German industrial conglomerate Siemens AG said this week that its Siemens Healthineers division is "ready for its market debut," a sign that the company is ready to launch the unit's initial public offering (IPO).
In a February 19 statement, the company confirmed that it plans to have the Siemens Healthineers IPO completed in the first half of 2018. Most market analysts believe that to conform to that timetable, the launch of the IPO could come as early as March.
Siemens plans to sell a "meaningful minority" of its own stake in Healthineers to create a liquid market for the stock. The offering will be on the Frankfurt Stock Exchange, and Siemens will retain a majority stake in the health division, the statement confirmed.
"Siemens Healthineers is now ready for its market debut," Siemens chairman Michael Sen said in a statement. "Siemens Healthineers is a premium asset and we have worked hard to now list such an exciting franchise. We expect the business to capitalize on its strengths even more effectively after the listing."
Siemens Healthineers posted revenue of 13.8 billion euros ($17.02 billion) in 2017, with an adjusted profit of 2.5 billion euros ($3.08 billion). The company has an adjusted profit margin of 18%.

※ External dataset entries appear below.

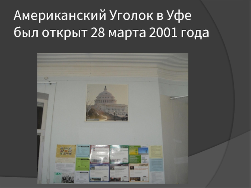 Слайд 2Американский Уголок в Уфе был открыт 28 марта 2001 года
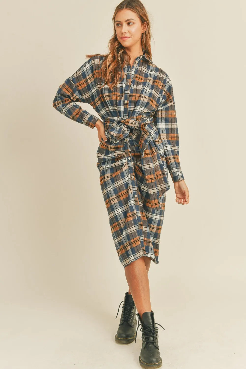 Mable Plaid Flannel Front Tie Button Down Shirt Dress
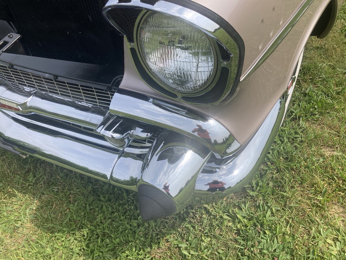 1957 Chevy 210. Yes, it’s a four-door and it’s a six cylinder but it’s the nicest four-door six-cylinder you’ll ever see with an automatic transmission runs excellent no rust no holes.No rust on frame or body mounts and frame mounts No dents. Interior is near. Perfect clock does not work. Radio is static underneath that a car is perfect very little surface rust all the body mounts are perfect. This car is in Forestville New York must see this vehicle is to be sold as is like any other Barrett Jackson car payment by cash or bank to bank money wire transfer with in 2 days this is the only way no paypal. Come and look at this car. It is perfect.No power steering or power brakes

The company noted in the statement that its core markets are worth more than 50 billion euros ($61.7 billion) annually and are expected to grow at a 3% to 5% annual rate from 2016 to 2021. Siemens Healthineers should be able to benefit by being a fully standalone entity, with "increased agility and a strong capital structure."
Market analysts have speculated that being an independent entity with its own shares would make it easier for Siemens Healthineers to make acquisitions using its own stock rather than cash, for example.